I had the same problem with the filmy stuff on the top of the tank. Take a cup or bucket or something and scoop it out of there. A siphon wont work because it pulls the water from under the film and doesn't get the film. 

Also you MUST use water conditioner. You need the kind that says it takes out chlorines and chloramines. It will not hurt your plants in the slightest. 

Bubble nests do not necessarily mean they are happy, but it does suggest the water is good enough for breeding conditions. A betta will blow nests even in tiny little cups. My betta rarely blows bubble nests, but he has a tank with a filter, no styrofoam cup, and other fish in it. If he tried to blow a nest, there is no way it would survive. Don't expect him to use the cup as the spot to blow the nest. Some bettas will fancy a different spot sometimes.

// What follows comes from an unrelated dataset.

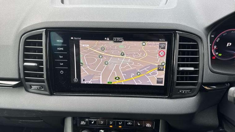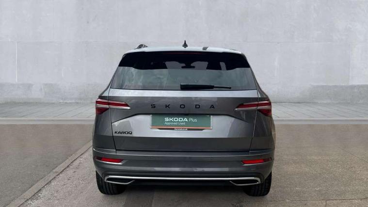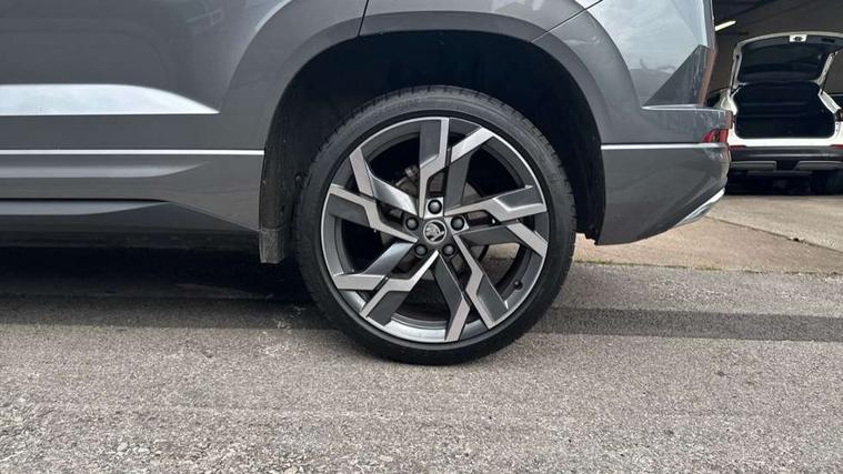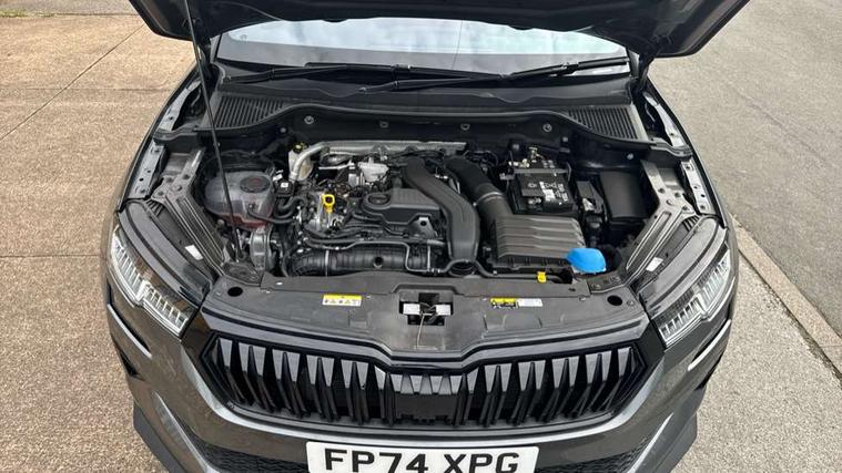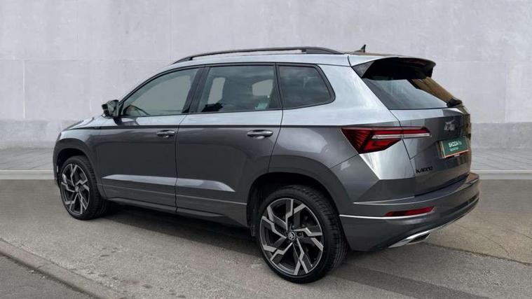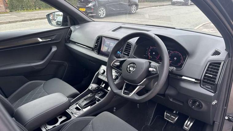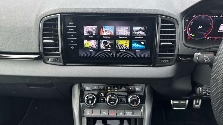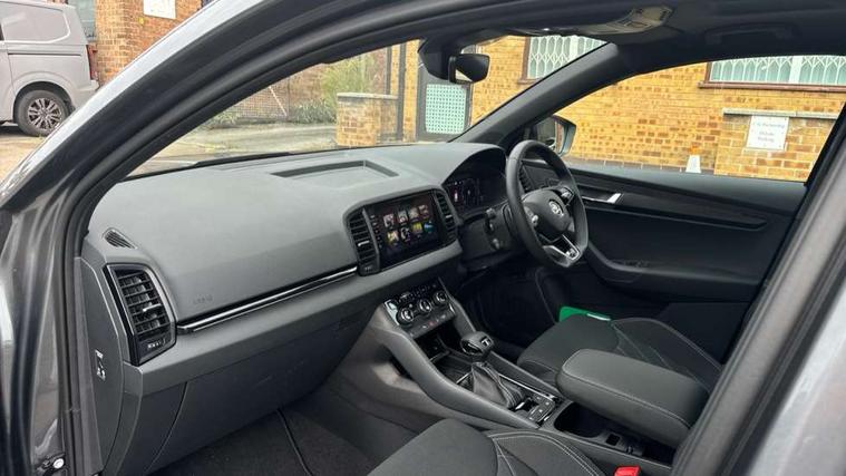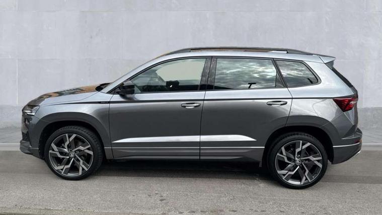 8" Digital display, Advanced driver attention and drowsiness monitor, Emergency services call system, Outside temperature gauge, Sensor for driver assistance systems, Service interval indicator, SmartLink wireless for Apple and wired for Android, Start/stop system with regenerative braking, USB C Port x 2 in front centre console, Virtual Cockpit - 10.25" digital display, Virtual pedal with electrically operated boot door, Wireless smartphone charging, DAB radio with Bluetooth, USB connection, Acoustic glass, Aero front windscreen wipers with intermittent function, Auto dimming rear view mirror with light and rain sensors, Black door mirrors, Black electric window control buttons, Black radiator grille, Black roof rails, Body colour door handles, Electric front and rear windows with child proof lock, Front door steps with SportLine logo, Heated rear windscreen, LED daytime running lights, LED rear lights with high functionality welcome effect and dynamic indicators, Light assistant (coming/leaving home/tunnel light), Panoramic sliding sunroof, Plastic scuff plates in door apertures, Privacy glass, Protective door side sills in body colour, Rear diffuser, Rear side wing doors, Rear spoiler, Rear window wiper with washer system and intermittent control, Safety reflectors on front doors, Skoda lettering on tailgate in black, Sportline badge on front fender, Sportline decorative inserts with badging, Sports front and rear bumpers, Third brake light, Unique dark chrome design logo on alloy wheels, 1.5 litre bottle holders in driver and front passenger door panels, 12V socket in boot, 12v socket in front centre armrest with storage compartment and rear air vents, 2 x Tablet holder, 3 rear height adjustable headrests, 3 seat bench in 2nd row, 3 spoke sports leather heated multifunction steering wheel, 4 foldable roof handles with rear coat hooks, Black floor carpet, Black roof headlining, Chrome inner door handles, Foldable hooks in the boot, Front head restraints, Height adjustable front three point seats belts with tensioners, Height/reach adjust steering wheel, Ice scraper, Illuminated glovebox, Illuminated luggage compartment, Isofix child seat preparation for front passenger seat, Isofix child seat preparation outer rear, Manual lumbar support for front seats, Pen holder, Pollen filter, Rear boot cover, Rear reading lights, Rear seats fixed folding and divided 60:40, Rubbish bin door, Safety vest holder, Single front passenger seat, Skoda lettering on steering wheel, Storage box in upper central dashboard closed, Sunvisors with illuminated vanity mirrors, Textile floor mats, Ticket holder, Titan black interior ceiling, Umbrella under passenger seat, Under passenger seat storage compartment, Ambient Lighting Package - Karoq, Columbus pack - Karoq, LED Interior lighting pack with Skoda welcome logo - Karoq, Light Pack - Karoq, Non Smokers pack, Performance pack - Karoq, Winter plus pack with heated front and rear seats - Karoq, Automatic door unlocking in case of crash, Automatic fuel cut off in case of crash, Driver airbag, Electronic parking brake with auto hold function, Emergency rear braking signal, ESC (incl. ABS+MSR+ASR+EDS+HBA+DSR+RBS+MKB), Front side airbags, Head airbags, Hill hold control, Knee airbags, Passenger airbag with switch-off function, Pedestrian monitor, Seatbelt reminder signalisation and pretensioner for all seats, Three point seatbelts rear, Two tone horn, Tyre pressure monitor, Alarm with interior monitoring, back up horn and tilt sensor with safe function, Electronic engine immobiliser, Keyless entry and start/stop, Remote central locking with 2 remote folding keys, Black air vent surround, Black centre console, carbon door decor, Satin black dashboard, Satin black door trim, 19" Sagittarius anthracite alloy wheels, Anti-theft wheel bolts protection, Breakdown and tool kit,
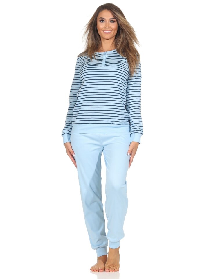 Пижама NORMANN Interlock langarm Bündchen Streifenoptik, голубой

EDIT: I didn't read the comment above since I was still typing it when you posted that comment. If you are absolutely certain there is no chlorine or chloramine in your tank, you don't have to use it. But if you are getting the water from the tap, you had better use it. Almost every city in the US uses chlorine to sanitize the water.


----------



## betta0fish (Feb 16, 2009)

well, if your water doesnt have chlorine in it, then you wouldnt need a dechlorinator, and dont worry if ur betta doesnt blow bubbles inside the cup, they dont have cups in nature , the filmy stuff is like oil from food or dust, i had that problem but if you do weekly water changes, it should be fine, it doesnt seem to affect the fish


----------



## VincentK (Oct 6, 2009)

and to bmlbytes, if i condition the water, won't it remove the iron and stuff? which plants need?


----------



## betta0fish (Feb 16, 2009)

no it wont


----------



## bmlbytes (Aug 1, 2009)

VincentK said:


> and to bmlbytes, if i condition the water, won't it remove the iron and stuff? which plants need?


It removes some hard metals, but not enough to make any difference to the plants. I use dechlorinated water in all of my tanks and most are planted. One is very heavily planted and I use nothing more than lights to keep them alive. They are getting very big and are very healthy.


----------